How do we get a panel row per vedge? The stat visualization has a feature called Repeat Options. So you repeat by variable. The variable selected is item. Remember that item came from our very last template variable. Repeat direction is Vertical.

For calculation I choose mean. Layout orienttion is Vertical.

The visualization title is also variable-driven. It is ${item} .

The panels are long and thin. Like maybe two units high? – one unit for the label (the item) and the one below it for the 24 horizontal stat boxes.

Put it all together and voila, it works and it’s cool and interactive and fast!

Single vedge heatmap data over multiple days

Of course this is very similar to the multiple vedge dashboard. But now we’re drilling down into a single vedge to look at its usage over a period of time, such as the last two weeks.

Flux query
import "date"
b = date.add(d: 1d, to: -${day}d)
data = from(bucket: "poc_bucket2")
  |> range(start: -${day}d, stop: b)
  |> filter(fn: (r) =>
    r._measurement == "vedge" and
    r._field == "percent" and
    r.item == "$item"
  )
  |> drop(columns:["itemid","ltype","hostname"])
data
Variables

As before we have a threshold, Region and category variable with category derived from the same flux query shown above. A new variable is day, which is custom and hidden, It has values 1,2,3,4,…,14. I don’t know how to do a loop in flux or I might have opted a more elegant method to specify the last 14 days.

I did the item variable query a little different, but I think it’s mostly an alternate and could have been the same:

from(bucket: "poc_bucket2")
|> range (start: -${math_days}d)
|> filter(fn:(r) => r._measurement == "vedge_stats" and r.region == "${Region}")
|> filter(fn:(r) => contains(value: r.category, set: ${category:json}))
|> filter(fn:(r) => r._field == "${math}" and r._value >= ${threshold} and r._value <= ${threshold_max})
|> group()
|> distinct(column: "item")

Notice the slightly different handling of Region. And those double-quotes are important, as I learned from the school of hard knocks!

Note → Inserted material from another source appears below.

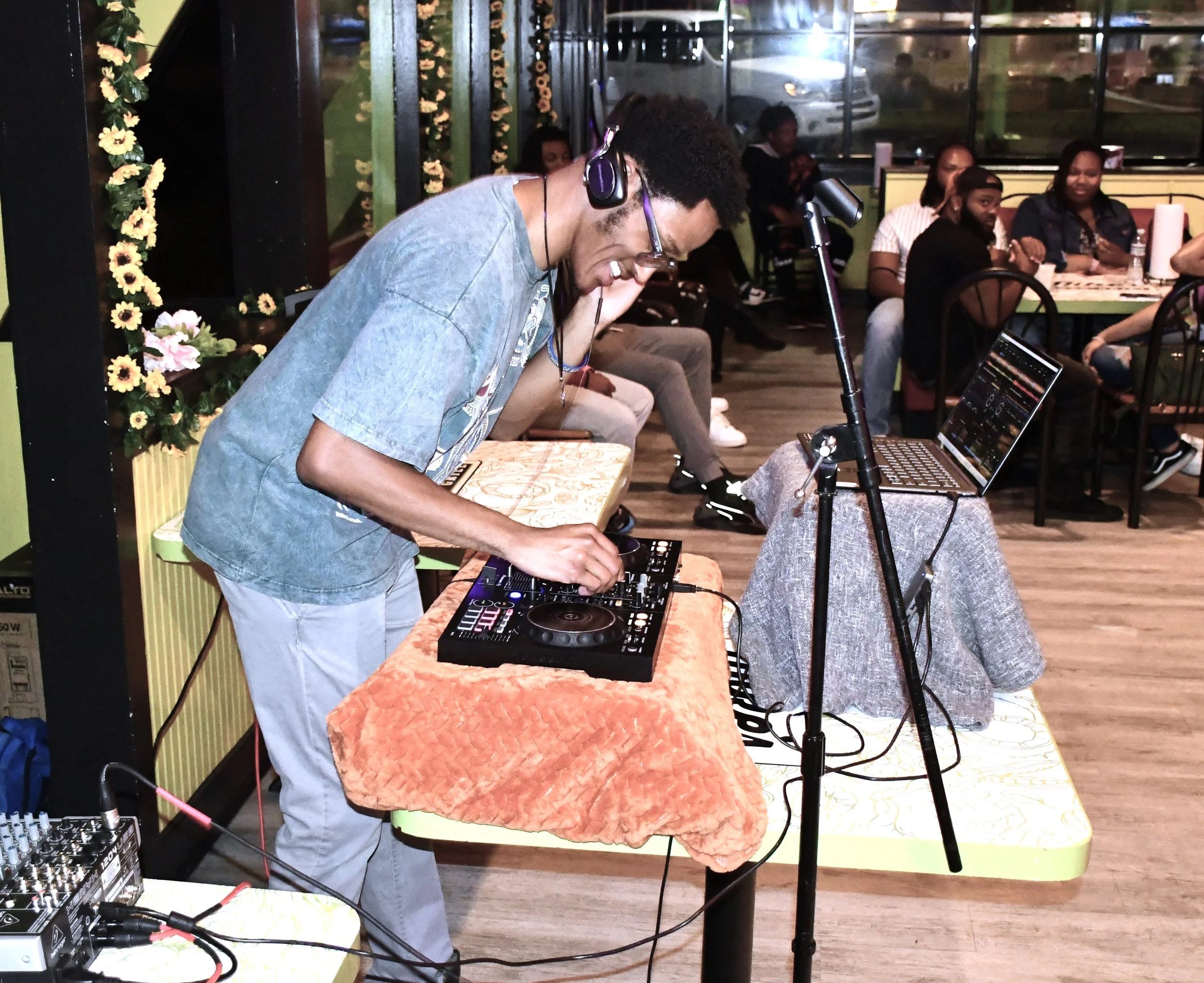 From rocking a DJ/MC duo set at Mike's Vegan in Greensboro, to navigating growth and grit at The Fruit's DJ Battle, to curating intimate gatherings like “Just Another Kickback”, DJ SOS brings intention, soul, and community wherever he spins. His performances are equal parts energy and intimacy—designed for joy, healing, and uninhibited self-expression.

The flux query in the panel is of course different. It looks like this:

import "date"
b = date.add(d: 1d, to: -${day}d)
data = from(bucket: "poc_bucket2")
  |> range(start: -${day}d, stop: b)
  |> filter(fn: (r) =>
    r._measurement == "vedge" and
    r._field == "percent" and
    r.item == "$item"
  )
  |> drop(columns:["itemid","ltype","hostname"])
data

So we’re doing some date arithmetic so we can get panel strips, one per day. These panels are long and thin, same as before, but I omitted the title since it’s all the same vedge.

The repeat options are repeat by variable day, repeat direction Vertical as in the other dashboard. The visualization is Stat, as in the other dashboard.

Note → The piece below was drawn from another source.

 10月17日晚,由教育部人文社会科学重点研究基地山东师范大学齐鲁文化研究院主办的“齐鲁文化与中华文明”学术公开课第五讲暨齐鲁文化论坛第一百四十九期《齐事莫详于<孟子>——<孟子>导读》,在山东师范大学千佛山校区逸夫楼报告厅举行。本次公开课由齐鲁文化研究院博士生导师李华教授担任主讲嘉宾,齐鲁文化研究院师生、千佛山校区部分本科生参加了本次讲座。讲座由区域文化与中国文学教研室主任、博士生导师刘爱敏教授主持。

And that’s about it! Here the idea is that you play with the independent variables such as Region and threshold, it generates a list of matching vedge interfaces and you pick one from the drop-down list.

Linking the multiple vedge dashboard to the single vedge history dashboard

Of course the more interactive you make these things the cooler it becomes, right? I was excited to be able to link these two dashboards together in a sensible way.

In the panel config you have Data links. I found this link works:

https://drjohns.com:3000/d/1MqpjD24k/single-vedge-usage-history?orgId=1&var-threshold=60&var-math=n95&${item:queryparam}

So to generalize since most of the URL is specific to my implementation, both dashboards utilize the item variable. I basically discovered the URL for a single vedge dashboard and dissected it and parameterized the item, getting the syntax right with a little Internet research.

So the net effect is that when you hover over any of the vedge panels in the multi-vedge dashboard, you can click on that vedge and pull up – in a new tab in my case – the individual vedge usage history. It’s pretty awesome.

Influxdb

Influxdb is a time series database. It takes some getting used to. Here is my cheat sheet which I like to refer to.

  • bucket is named location with retention policy where time-series data is stored.
  • series is a logical grouping of data defined by shared measurement, tag and field.
  • measurement is similar to an SQL database table.
  • tag is similar to indexed columns in an SQL database.
  • field is similar to unindexed columns in an SQL database.
  • point is similar to SQL row.

This is not going to make a lot of sense to anyone who isn’t Dr John. But I’m sure I’ll be referring to this section for a How I did this reminder.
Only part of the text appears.